***** Listed records *****

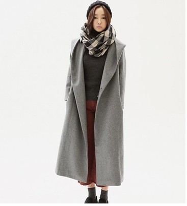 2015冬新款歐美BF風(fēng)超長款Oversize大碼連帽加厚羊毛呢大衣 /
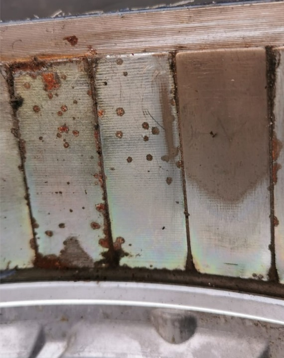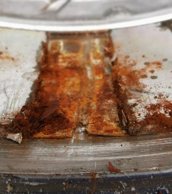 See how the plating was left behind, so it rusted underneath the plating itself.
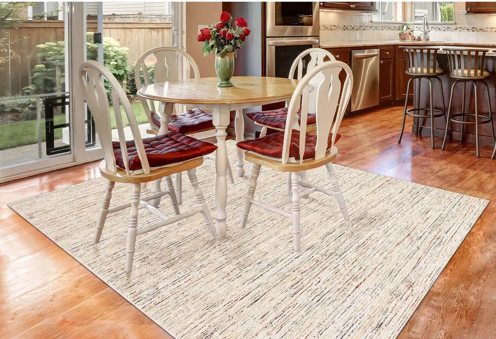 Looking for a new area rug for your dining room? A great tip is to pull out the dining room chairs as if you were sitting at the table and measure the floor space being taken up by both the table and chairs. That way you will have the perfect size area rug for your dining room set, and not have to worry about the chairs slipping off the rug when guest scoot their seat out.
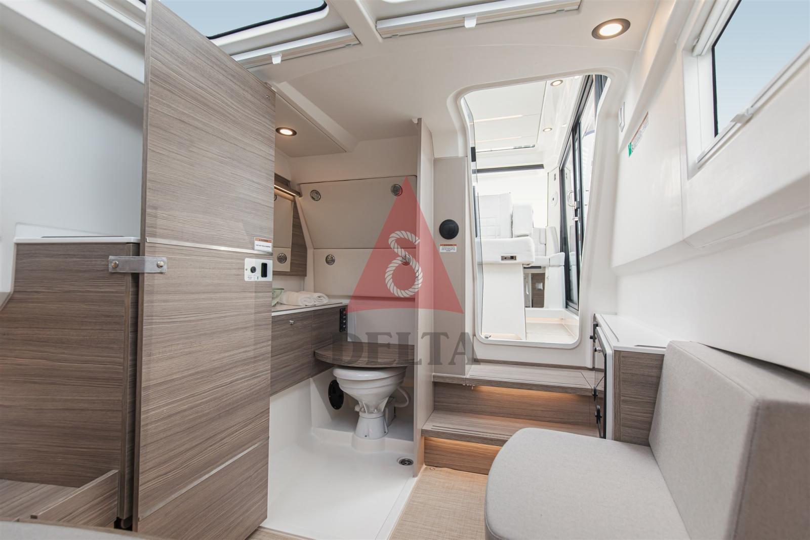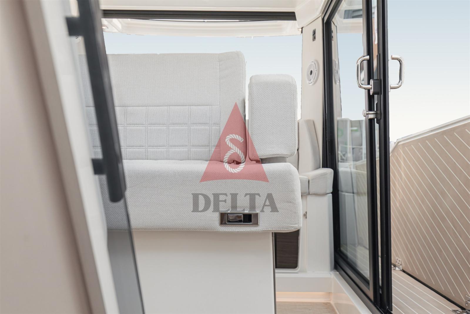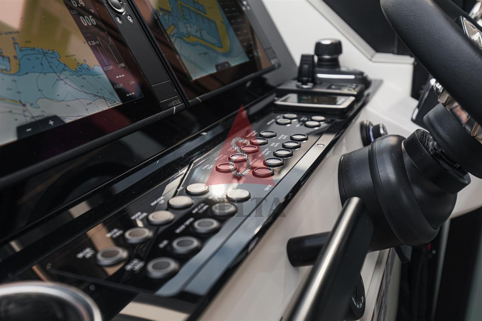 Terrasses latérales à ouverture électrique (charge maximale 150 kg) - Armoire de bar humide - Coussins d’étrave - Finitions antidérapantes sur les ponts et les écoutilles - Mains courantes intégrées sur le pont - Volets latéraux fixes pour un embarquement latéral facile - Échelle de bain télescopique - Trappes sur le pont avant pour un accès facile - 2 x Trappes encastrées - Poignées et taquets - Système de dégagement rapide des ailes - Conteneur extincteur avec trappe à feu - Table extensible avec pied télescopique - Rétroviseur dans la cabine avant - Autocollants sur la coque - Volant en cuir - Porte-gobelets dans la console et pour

*****
***** Listed records *****

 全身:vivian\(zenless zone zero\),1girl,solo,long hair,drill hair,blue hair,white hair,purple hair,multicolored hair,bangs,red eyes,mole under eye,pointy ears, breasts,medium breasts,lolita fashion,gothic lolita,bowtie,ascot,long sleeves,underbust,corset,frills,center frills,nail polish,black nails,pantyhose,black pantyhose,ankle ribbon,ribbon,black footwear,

*****
***** Listed records *****

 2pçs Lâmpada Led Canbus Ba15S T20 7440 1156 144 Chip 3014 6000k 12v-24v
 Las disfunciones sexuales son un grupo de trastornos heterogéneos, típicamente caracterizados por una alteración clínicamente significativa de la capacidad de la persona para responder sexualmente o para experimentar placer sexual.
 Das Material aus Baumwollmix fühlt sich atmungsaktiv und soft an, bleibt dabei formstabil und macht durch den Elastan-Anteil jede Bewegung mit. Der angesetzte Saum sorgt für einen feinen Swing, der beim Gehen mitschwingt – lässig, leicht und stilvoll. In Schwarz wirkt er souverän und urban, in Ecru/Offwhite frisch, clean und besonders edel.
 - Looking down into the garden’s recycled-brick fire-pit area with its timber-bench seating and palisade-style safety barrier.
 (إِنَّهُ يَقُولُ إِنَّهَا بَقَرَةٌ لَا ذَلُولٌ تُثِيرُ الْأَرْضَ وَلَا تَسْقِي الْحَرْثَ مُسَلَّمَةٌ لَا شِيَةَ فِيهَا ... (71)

*****

**Problem details**:
What you return should be exactly the lines above, starting at the one with "Las disfunciones sexuales" and ending at the one with "(إِنَّهُ يَقُولُ إِنَّهَا", and nothing else.

**Solution to the problem**:
 Las disfunciones sexuales son un grupo de trastornos heterogéneos, típicamente caracterizados por una alteración clínicamente significativa de la capacidad de la persona para responder sexualmente o para experimentar placer sexual.
 Das Material aus Baumwollmix fühlt sich atmungsaktiv und soft an, bleibt dabei formstabil und macht durch den Elastan-Anteil jede Bewegung mit. Der angesetzte Saum sorgt für einen feinen Swing, der beim Gehen mitschwingt – lässig, leicht und stilvoll. In Schwarz wirkt er souverän und urban, in Ecru/Offwhite frisch, clean und besonders edel.
 - Looking down into the garden’s recycled-brick fire-pit area with its timber-bench seating and palisade-style safety barrier.
 (إِنَّهُ يَقُولُ إِنَّهَا بَقَرَةٌ لَا ذَلُولٌ تُثِيرُ الْأَرْضَ وَلَا تَسْقِي الْحَرْثَ مُسَلَّمَةٌ لَا شِيَةَ فِيهَا ... (71)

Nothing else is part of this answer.